■ **EXERCISE REQUIREMENTS**
Copy out the data word for word. The images are not part of the copy.

■ **DATA EXCERPT**
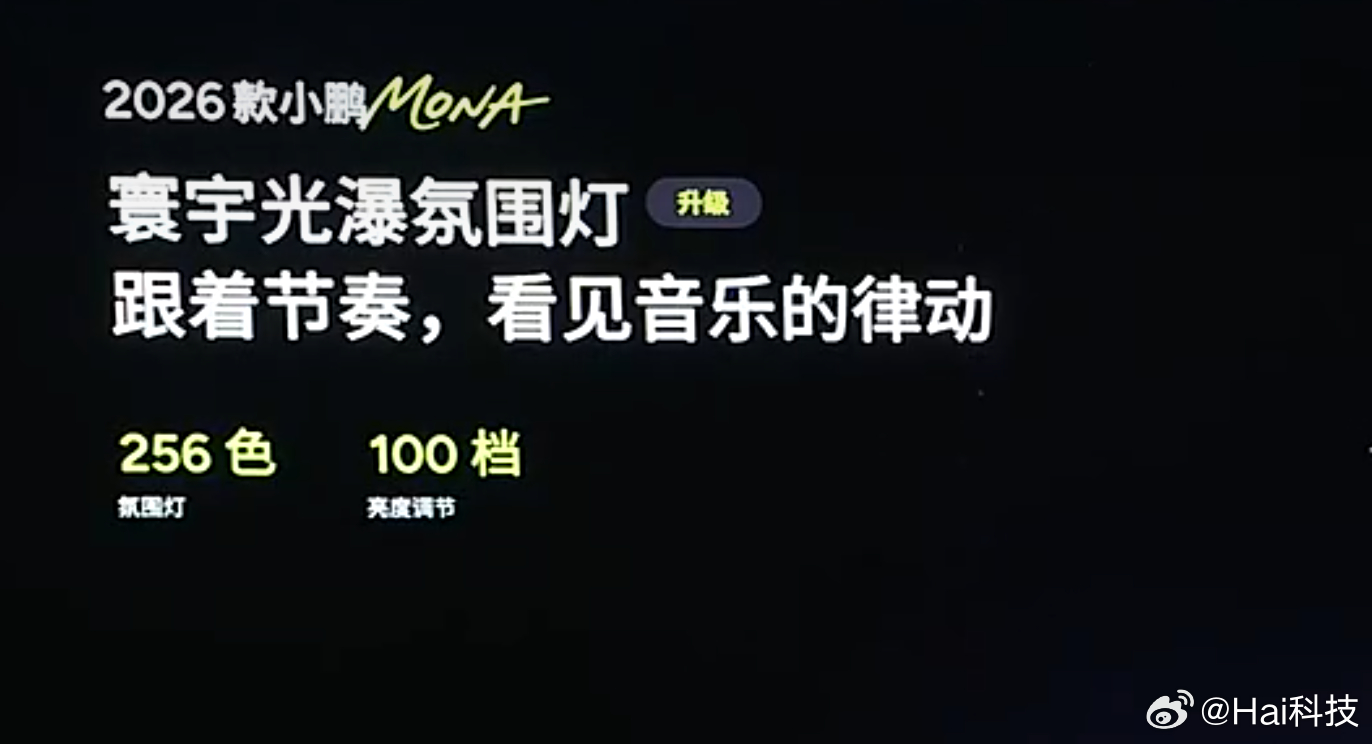 除了新增三款外观色、内饰色,26款小鹏Mona M03升级20扬声器,双层静音前门玻璃+RNC主动降噪模块,高速行驶噪声比特斯拉Model3还要低。256色氛围灯、热泵空调,续航高至640KM,10.8度/百公里;自适应阻尼减振器、15项主动安全配置安排2026款小鹏MONA今日上市2026款小鹏MONA大大大大大升级
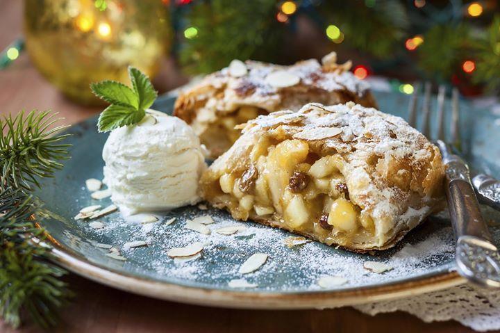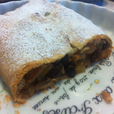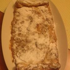 Stendere con il mattarello la pasta in una sfoglia sottile, cospargerla con 50 gr di pangrattato tostato in poco burro, distribuire il ripieno di mele e, con l'aiuto di un canovaccio, arrotolare la pasta su se stessa a strudel.
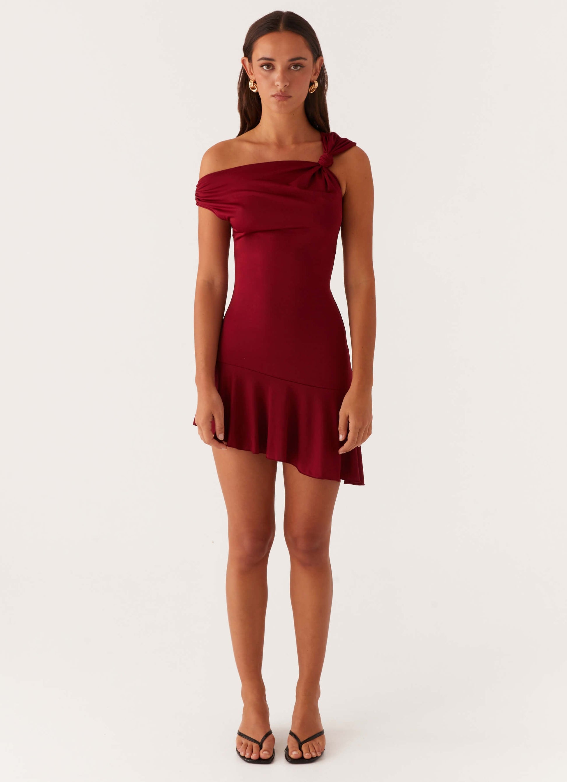The Amaya Twist Mini Dress is a captivating piece that brings flair to your evening outings. Featuring an off-shoulder neckline, it elegantly highlights your shoulders while the playful flair fit adds movement and charm.

■ **RESPONSE AREA**
 除了新增三款外观色、内饰色,26款小鹏Mona M03升级20扬声器,双层静音前门玻璃+RNC主动降噪模块,高速行驶噪声比特斯拉Model3还要低。256色氛围灯、热泵空调,续航高至640KM,10.8度/百公里;自适应阻尼减振器、15项主动安全配置安排2026款小鹏MONA今日上市2026款小鹏MONA大大大大大升级
 Stendere con il mattarello la pasta in una sfoglia sottile, cospargerla con 50 gr di pangrattato tostato in poco burro, distribuire il ripieno di mele e, con l'aiuto di un canovaccio, arrotolare la pasta su se stessa a strudel.
The Amaya Twist Mini Dress is a captivating piece that brings flair to your evening outings. Featuring an off-shoulder neckline, it elegantly highlights your shoulders while the playful flair fit adds movement and charm.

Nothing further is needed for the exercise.